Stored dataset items
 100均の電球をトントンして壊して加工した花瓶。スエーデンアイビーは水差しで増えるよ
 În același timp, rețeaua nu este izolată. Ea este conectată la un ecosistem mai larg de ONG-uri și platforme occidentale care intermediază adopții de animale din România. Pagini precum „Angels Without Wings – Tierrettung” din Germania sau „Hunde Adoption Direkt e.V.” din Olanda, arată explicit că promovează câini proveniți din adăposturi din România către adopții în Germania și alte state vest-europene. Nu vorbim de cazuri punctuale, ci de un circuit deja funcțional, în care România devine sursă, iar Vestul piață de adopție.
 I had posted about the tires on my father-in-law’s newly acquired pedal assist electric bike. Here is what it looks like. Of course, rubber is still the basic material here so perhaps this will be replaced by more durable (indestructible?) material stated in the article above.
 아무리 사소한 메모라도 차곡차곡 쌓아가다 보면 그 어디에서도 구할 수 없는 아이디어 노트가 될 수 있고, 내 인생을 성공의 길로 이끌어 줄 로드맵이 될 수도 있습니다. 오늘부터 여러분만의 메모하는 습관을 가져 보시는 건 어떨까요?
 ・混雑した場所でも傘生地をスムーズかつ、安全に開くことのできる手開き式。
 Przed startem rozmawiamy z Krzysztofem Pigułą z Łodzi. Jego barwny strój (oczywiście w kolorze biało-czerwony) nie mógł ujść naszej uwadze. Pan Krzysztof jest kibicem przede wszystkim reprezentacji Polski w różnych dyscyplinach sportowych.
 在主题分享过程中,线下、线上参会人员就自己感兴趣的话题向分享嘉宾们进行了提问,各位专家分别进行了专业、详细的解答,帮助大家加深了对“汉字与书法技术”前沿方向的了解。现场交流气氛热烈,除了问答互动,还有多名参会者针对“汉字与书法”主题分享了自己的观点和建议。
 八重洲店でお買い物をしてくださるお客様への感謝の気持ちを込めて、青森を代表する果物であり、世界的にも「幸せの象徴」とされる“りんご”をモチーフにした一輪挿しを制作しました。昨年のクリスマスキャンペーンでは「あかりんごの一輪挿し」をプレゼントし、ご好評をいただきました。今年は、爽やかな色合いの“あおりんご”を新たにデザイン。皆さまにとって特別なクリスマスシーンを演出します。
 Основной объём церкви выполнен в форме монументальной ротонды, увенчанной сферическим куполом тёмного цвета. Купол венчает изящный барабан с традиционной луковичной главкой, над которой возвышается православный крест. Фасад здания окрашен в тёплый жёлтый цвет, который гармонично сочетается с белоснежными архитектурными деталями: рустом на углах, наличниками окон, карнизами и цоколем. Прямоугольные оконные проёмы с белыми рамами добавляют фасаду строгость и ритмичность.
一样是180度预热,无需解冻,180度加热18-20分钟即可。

_Exercise instructions_. Return nothing but the lines from the top of the records above through the line that has "I had posted". Keep each one exact.

_Result for this exercise_.
 100均の電球をトントンして壊して加工した花瓶。スエーデンアイビーは水差しで増えるよ
 În același timp, rețeaua nu este izolată. Ea este conectată la un ecosistem mai larg de ONG-uri și platforme occidentale care intermediază adopții de animale din România. Pagini precum „Angels Without Wings – Tierrettung” din Germania sau „Hunde Adoption Direkt e.V.” din Olanda, arată explicit că promovează câini proveniți din adăposturi din România către adopții în Germania și alte state vest-europene. Nu vorbim de cazuri punctuale, ci de un circuit deja funcțional, în care România devine sursă, iar Vestul piață de adopție.
 I had posted about the tires on my father-in-law’s newly acquired pedal assist electric bike. Here is what it looks like. Of course, rubber is still the basic material here so perhaps this will be replaced by more durable (indestructible?) material stated in the article above.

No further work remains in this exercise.